Student Scholar Symposium Abstracts and Posters

Document Type


Publication Date

Spring 5-2019

Faculty Advisor(s)

Uri Maoz


Range Anxiety is the fear of running out of fuel for your car before arriving at a refueling point or final destination. While usually absent or low in gas-powered vehicles, this anxiety is a salient consideration when buying electric vehicles (EVs). This and the fact that there are fewer charging stations available compared to gas stations have been offered as hypotheses for why EV sales are low. Previous research has found that those with more experience driving EVs, felt less range anxiety as they can when and where to charge their vehicle in their daily lives. EVs are more environmentally friendly and safer for the driver, so it important to better understand range anxiety and find ways to mitigate it in order to lift one of the barriers for greater adoption of electric cars. In this study, we plan to provide EV drivers with an EV on low charge. They will be asked to drive around for as long as they feel comfortable, up to 30 minutes.
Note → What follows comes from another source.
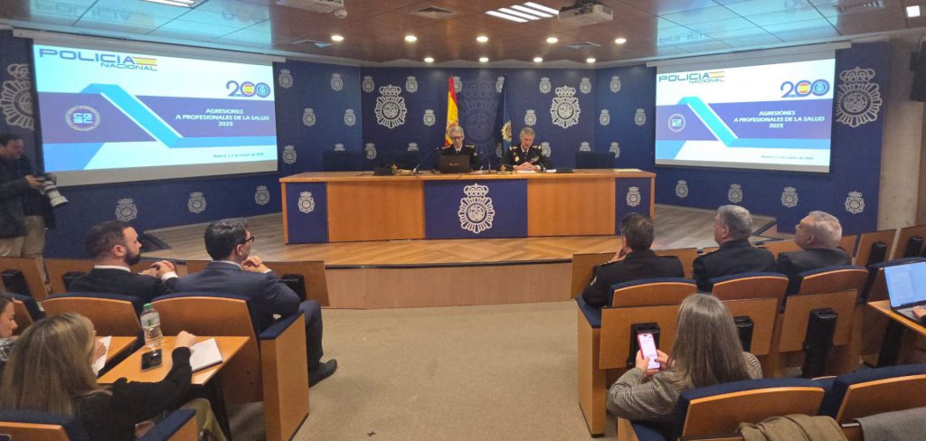 La Policía Nacional ha presentado en el Complejo Policial de Canillas el balance de las agresiones a profesionales sanitarios durante el año 2025, en el que se llevaron a cabo más de 11.000 intervenciones policiales. Concretamente se realizaron más de 3.500 actuaciones policiales en centros sanitarios y 8.000 en asistencias domiciliarias y se practicaron 138 detenciones por agresiones a profesionales en el ámbito sanitario.

As they are driving, their heart rate and galvanic skin response (a measure of emotional arousal) will be monitored to measure their anxiety as they watch the battery percentage of the electrical vehicle decrease. After driving around in the vehicle, participants will be asked to complete a survey evaluating their habits and their daily use of the vehicle. Some of the questions asked will query the type of electric vehicle they usually drive, their perception of etiquette around unplugging another person’s charging electrical vehicle in a public location if their own battery is low, and how comfortable the person is driving at a low percentage in their electric vehicle. We anticipate seeing an increase in heart rate and galvanic skin response, and therefore range anxiety, as the battery percentage gets lower.


Presented at the Spring 2019 Student Scholar Symposium at Chapman University.